Auger emitters are considered as new tools in nuclear medicine, especially in internal vectorised radiotherapy. Their short penetration in matter gives them the advantage of inducing minimal toxicity to healthy cells close to the targeted cancer cells, even at high injected activity. 103Rh is one of the promising radionuclides for this application. It can be produced from 103Ru or 103Pd in a radionuclide generator. The main challenge in the design of a generator is to achieve effective separation between the radionuclides concerned. This is usually performed by using a chromatographic column containing an ion exchange resin. The 103Ru/103mRh generator is the most promising generator for nuclear medicine services because of the radioactive half-life of 103Ru (T1/2 = 39.4 days) compared to 103Pd (T1/2 = 17 days).

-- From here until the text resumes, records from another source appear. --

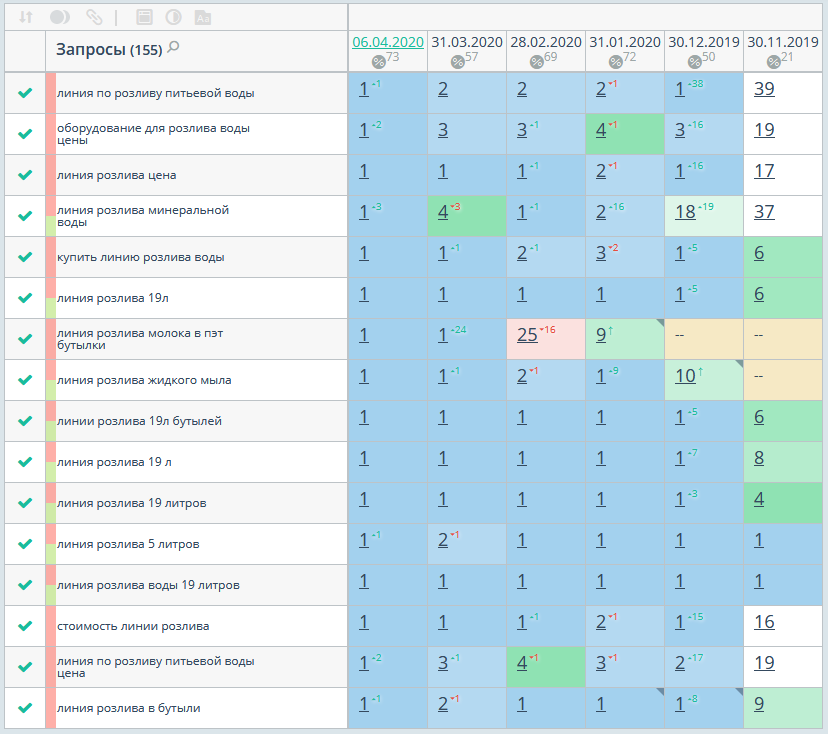 Сбор высокочастотных и среднечастотных запросов по теме продажи оборудования для розлива жидкости, оптимизация страниц сайта под запросы для их выведения в ТОП-10 выдачи поисковых систем: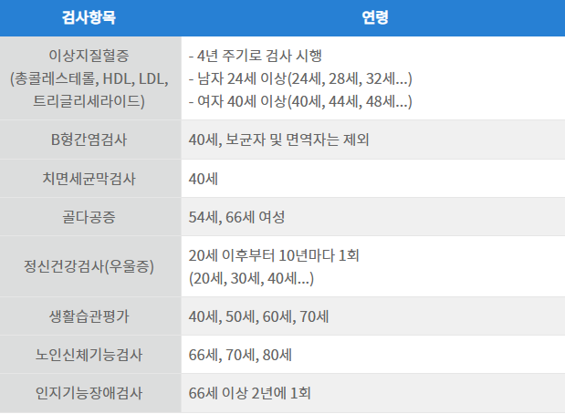 - 직장가입자 : 비사무직은 매년, 사무직은 짝수 연도 출생자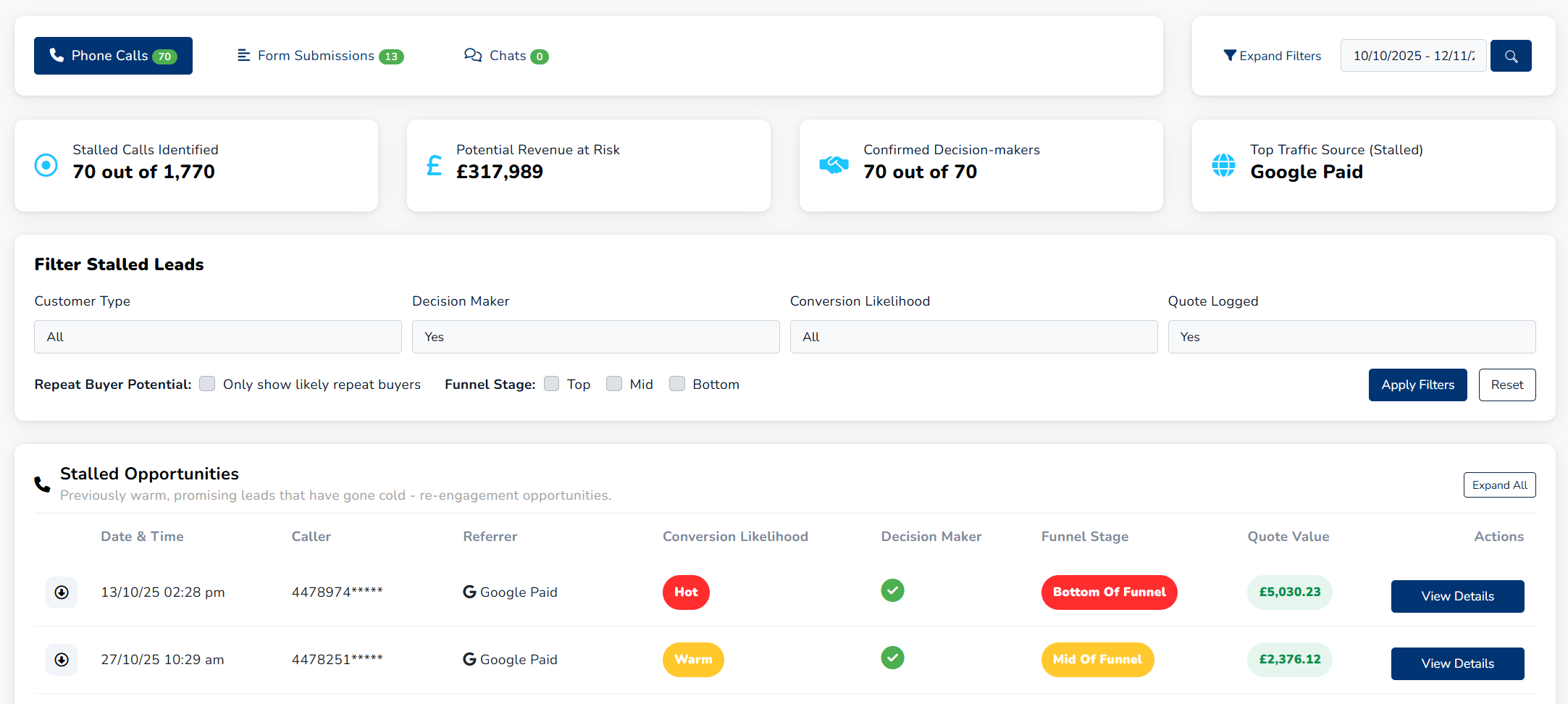 Calls, forms, live chats, and offline enquiries — all tracked in one platform. Attribute leads from Google My Business, Checkatrade, and other third-party sources just as easily as online ads, giving you complete visibility over the full customer journey.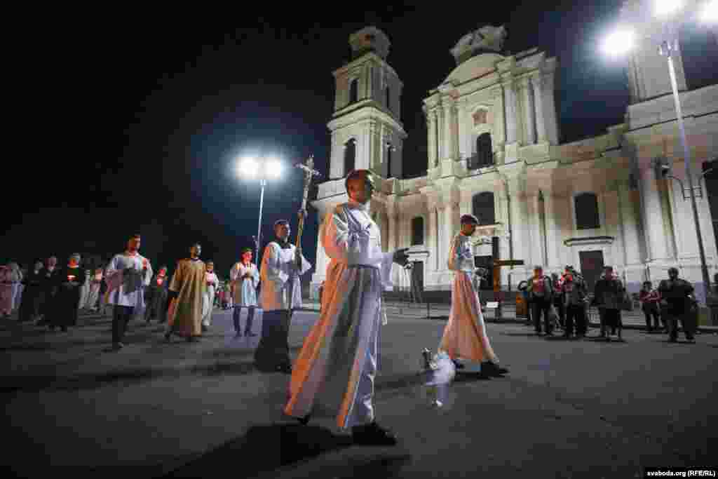 Начная працэсія са сьвечкамі і копіяй абраза Маці Божай Будслаўскай.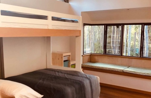 Bedroom 4 - Bunk bed with double on bottom and single on top. Window seat and inbuilt wardrobe.

However, the chemistry of Ruthenium is relatively complex and diverse because this element exists in different oxidation states in aqueous solution, and can also lead to the formation of polymeric species. As a first step, it is important to understand and control the fundamental chemistry of Ruthenium in order to optimize its separation from Rhodium.
For this purpose, the speciation of Ru with hydroxo- and chlorinated ligands was evaluated by Capillary Electrophoresis coupled to ICP-MS and by UV-Visible spectrophotometry. Ru exists in the +III and +IV forms but stabilises quickly in the +IV form in room conditions. However, depending on Ru concentrations and ligands used, Ru can form polymeric and polycharged species. AF4-MALS studies have evidenced the formation of polymodal and polydisperse colloids with sizes ranging from 20 to 730 nm. The charge of these polymeric species was studied by LDI-TOF, thus confirming the presence of polycharged species.
Based on the speciation of Ruthenium and Rhodium, the first Ru/Rh separation tests on ionic exchange resins have been conducted. The first results will be presented and discussed.